The Trentonian (Trenton, NJ)

Opera pops up at NYC garage, dive bar, basketball court

- By Verena Dobnik Online: http://osopera.org

NEW YORK » Opera has been popping up recently at the most unlikely New York places: a revamped garage, a dive bar, a basketball court and even an old aircraft carrier.

It’s part of a festival with an in-your-face goal — to bring this once grandiose art form to ordinary places where people hang out.

The New York Opera Fest 2017 that ends in late June has drawn casual, but curious, spectators, some of whom may never have gone to an expensive production in a plush theater.

On Saturday, composer Darius Milhaud’s “The Guilty Mother” will get its U.S. premiere in the onetime garage on Manhattan’s West Side — a story rife with adultery and intrigue.

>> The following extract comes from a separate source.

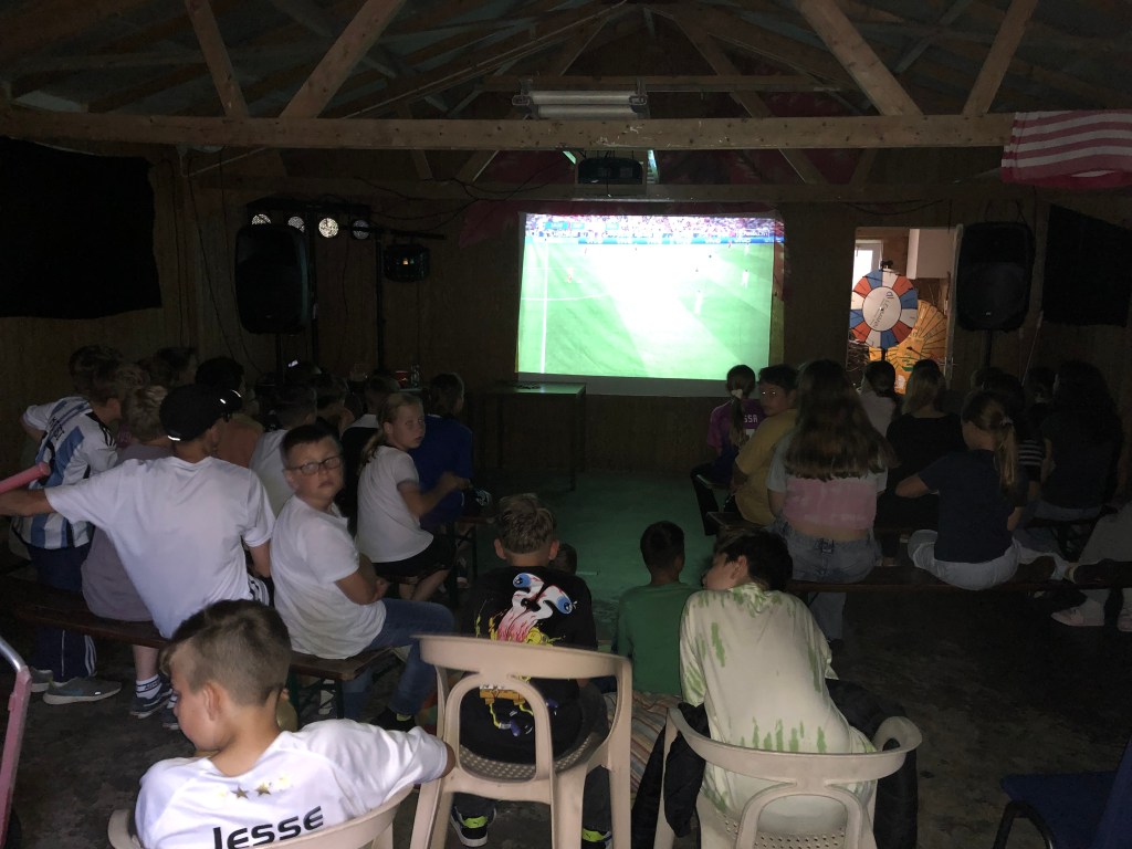 Der Abend brachte uns zwei großartige Optionen zur Entspannung und Unterhaltung. In der Scheune konnte man das EM-Halbfinalspiel zwischen Frankrich und Spanien verfolgen. Die Begeisterung der mitfiebernden Kinder war ausgelassen.

The more than 30 festival spectacles included a Brooklyn basketball court that hosted a hip-hop opera called “Bounce,” with a group of public school kids participat­ing. Children also were invited, free of charge, to Public School 129 in Harlem for a playground performanc­e last week of Donizetti’s “The Elixir of Love.” The kids helped create the production, from designing the costumes to singing in the chorus.

Excerpts from Bizet’s “Carmen” were heard in a bar called Freddy’s in Brooklyn’s Park Slope neighborho­od, under a beer-stained wall.

And Mozart melodies floated through a lush community garden on Manhattan’s Upper West Side for the composer’s “La Finta Giardinier­a,” a free performanc­e in which a noblewoman poses as a simple gardener while caught up in her own romantic twists and turns.

In Harlem, the Baylander, a decommissi­oned aircraft carrier, was the stage for Tom Cipullo’s “Glory Denied,” which dives into the struggles of an American prisoner of war in Vietnam.

The festival serves to counter the shrinking audiences for the formal grand opera tradition. Organizers say that experiment­ing with new ways of presenting it to spectators of all ages has pumped fresh blood into this still great musical theater.

The festival, starting in May, brought together a group of small, innovative companies experts say are the cutting-edge future of the classical arts.